Приёмное отделение осуществляет госпитализацию на стационарное лечение в плановом порядке при наличии направления от врача-психиатра из психоневрологического диспансера или других учреждений здравоохранения, а также лиц направленных судом для проведения стационарной судебно-психиатрической экспертизы. Для госпитализации необходимо наличие направление врача-психиатра, паспорт, страховой полис или постановление суда. Осуществляет госпитализацию в экстренном порядке по направлению скорой помощи.

В приемном отделении больного осматривает врач-психиатр, уточняет диагноз и показания для госпитализации. Оформляется медицинская документация (заведение истории болезни), проводятся санитарно-гигиенические мероприятия (при необходимости). Комнаты в приемном отделении располагаются по принципу санитарного пропускника, смотровая комната, уборная, ванна. После всех необходимых мероприятий, больной больше не возвращается в приемное отделение, а поступает в соответствующее отделение [20].

Общие отделения служат для стационарного лечения больных. Чаще всего распределяются по территориальному признаку (каждому отделению соответствует определенная территория на карте), также отдельно выделено отделение неврозов, для больных с непсихотическими заболеваниями. Существуют мужские и женские отделения.
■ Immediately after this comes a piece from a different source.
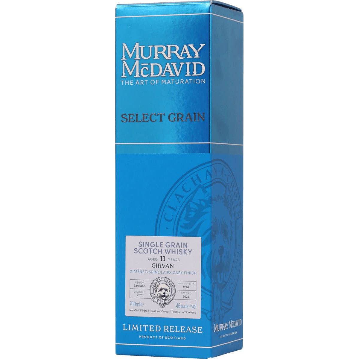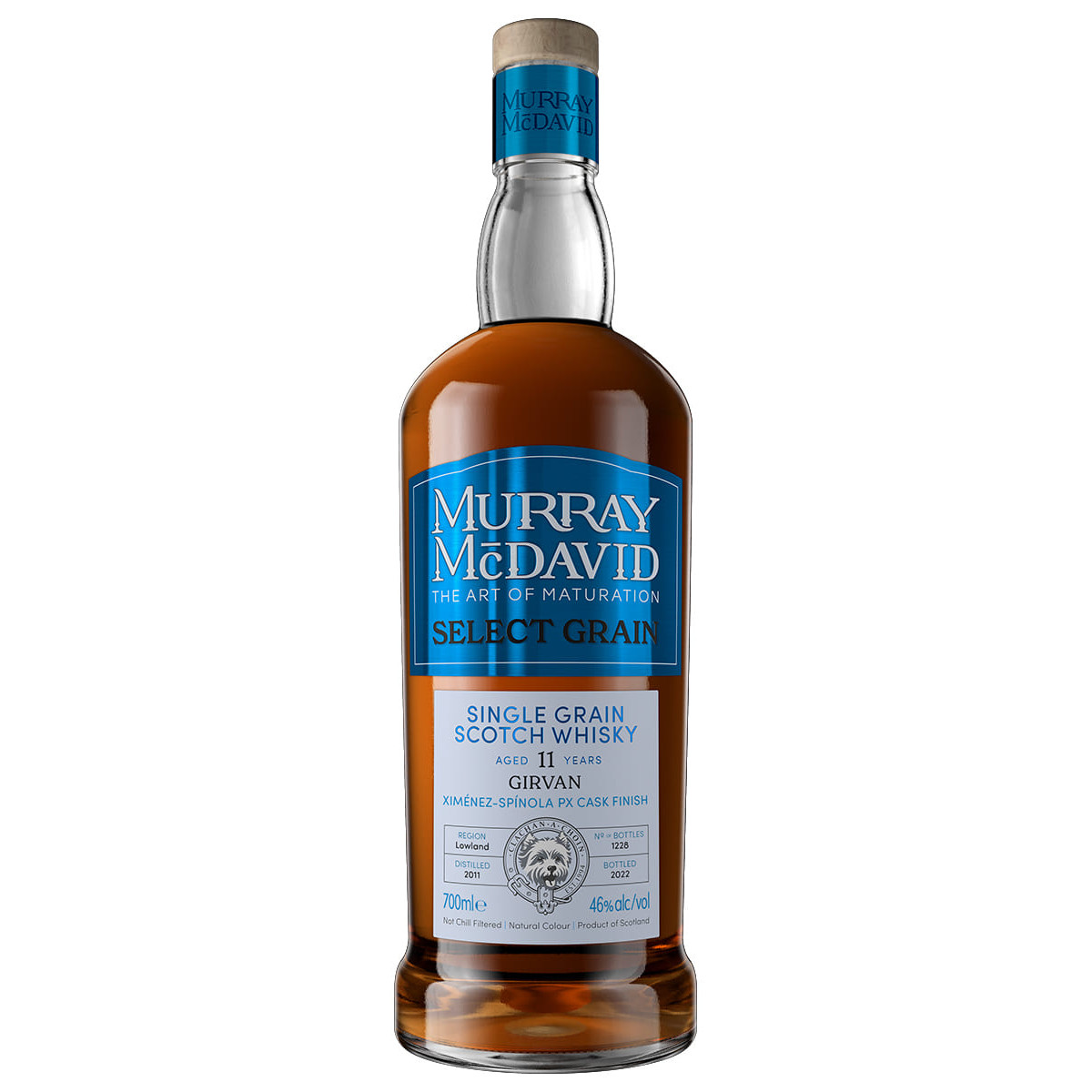 «SELECT GRAIN» — коллекция выдающихся зерновых спиртов. Выдержка: 8 лет в бочках из-под бурбона. Финиш: 3 года в бочках из-под хереса Педро Хименес. Регион: Лоуленд. Дистиллерия: Girvan. Дистиллирован в 2011 году, бутилирован в 2022 году без холодной фильтрации и подкрашивания. Всего выпущено 1228 бутылок. Бочки 700002/2А/3.

Специализированные отделения. С учетом возраста — детское и геронтологическое отделение. С учетом сопутствующей патологии, требующей особых условий лечения — инфекционное и туберкулезное. Отделение реанимации — при угрожающих жизни состояниях, также в отделении реанимации проводится электросудорожная терапия. Отдельно выделяют отделение первого психотического эпизода, куда направляют больных с социально сохранными установками и положительным отношением к лечению, при отсутствии выраженной психотической симптоматики, отсутствием социально-опасных установок у больного. Судебно-психиатрическое отделение - занимается проведением стационарной судебно-психиатрической экспертизы. В данное отделение больные направляются по решению суда или с санкции прокурора. Срок стационарной судебно-психиатрической экспертизы не должен превышать 30 дней [20].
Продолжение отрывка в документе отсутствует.